C’est la thèse abracadabrante que Martin Amis, créateur du personnage de Karla White, semble échafauder dans une œuvre romanesque décousue intitulée Chien jaune. Il ne s’agit certes pas d’un roman excellent, mais le livre reflète malgré tout la sensibilité à fleur de peau du meilleur écrivain anglais d’aujourd’hui. À fleur de peau, voilà bien l’expression qui résume l’art et la personnalité d’Amis.

Lier la pornographie à la monarchie britannique paraît à première vue d’une gratuité ahurissante. Mais, pensez-y, le monde anglo-saxon, incarné surtout par les alliés Tony Blair et George W. Bush, ne peut être symbolisé que par la royauté, la seule institution subliminale qui marque à la fois l’histoire des Anglais et celle des Américains pour des raisons évidemment opposées.

Les États-Unis sont nés en 1776 par la libération du joug de la monarchie britannique. Quant à la Grande-Bretagne, elle ne peut, dans une perspective, cette fois, presque jamais conflictuelle, définir son passé mythique sans évoquer la royauté.

Mais que vient faire la pornographie dans le tableau? Pour Amis, montrer, en les accompagnant de gros mots anglais, les scènes pornographiques les plus crues sur toute la planète mondialise un idiome comme jamais.
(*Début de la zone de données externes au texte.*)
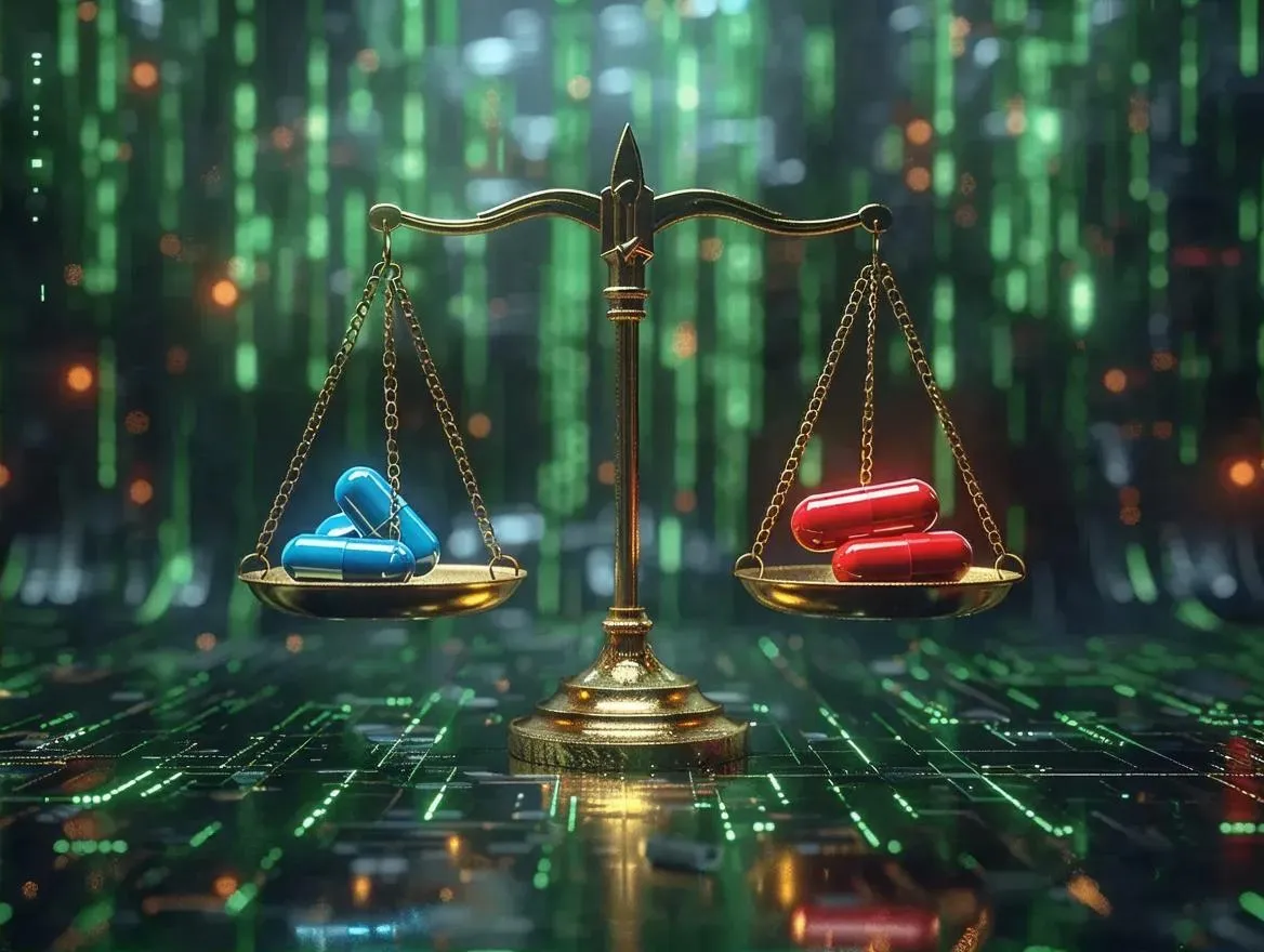 Create AI-generated Matrix-style visuals with a greenish digital backdrop, blue and red pills balancing on a scale symbolizing decisive choices. Craft cyberpunk-inspired memes or concept art using AI tools for symbolic decision-making themes. No humans, just iconic pills in a futuristic libra. Perfect for thought-provoking content with vivid AI effects and professional editing tools. Explore AI creativity at vivago.ai.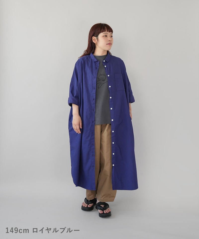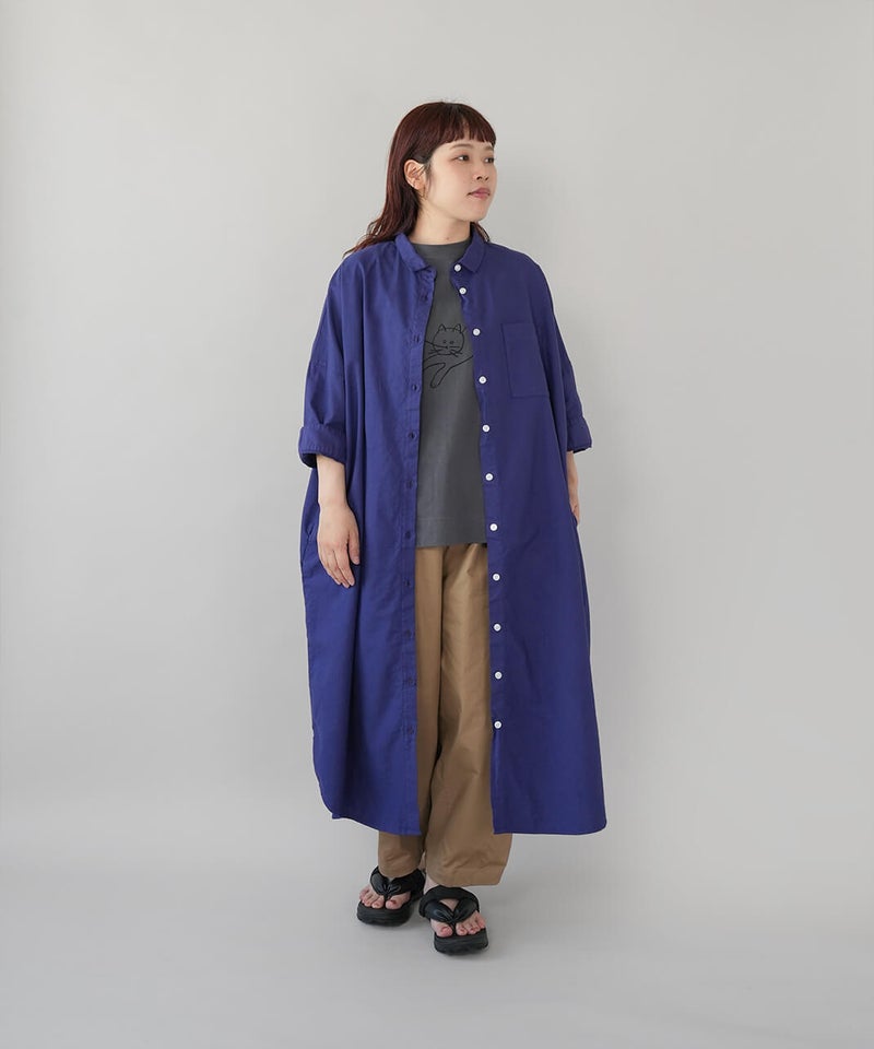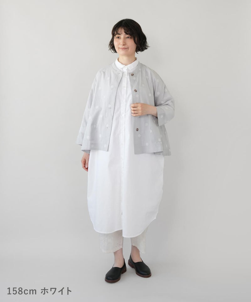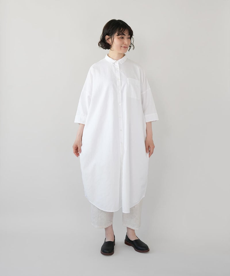 首元はベーシックなレギュラー襟で、きちんと感を残しながらも、肩はドロップショルダーでゆったりとした着心地です。身幅にもほどよくゆとりを持たせ、裾に向かってすとんと落ちるボックスシルエットに。

Jadis, les Britanniques monarchistes et les Américains antimonarchistes (mais hantés par le fantôme d’un roi renié) n’ont pourtant pas imaginé, même dans leurs rêves les plus fous, que leur langue, signe certain d’un impérialisme culturel, pourrait bouleverser le tréfonds de l’humanité.

La pornographie n’est pas d’essence anglo-américaine, mais la mondialisation médiatique fait que c’est en anglais qu’elle met, d’après le roman, «le monde à l’envers» et proclame «la fin de la normalité» et, pour tout dire, «la fin de cette chose qu’on appelle monde». En faisant du sexe un objet de visionnement, on ruinerait la Terre entière.

«Pectoraux pornos», «monstrueux pénis porno» et «proportions pornos» des éjaculations! Tels sont les termes du roman d’Amis. L’obscénité devient «plutôt gay» et la femme, elle, devient la simple parure d’une pornographie masculine qui mène des attaques atomiques contre tout chant nuptial et les mots «vieillir à deux».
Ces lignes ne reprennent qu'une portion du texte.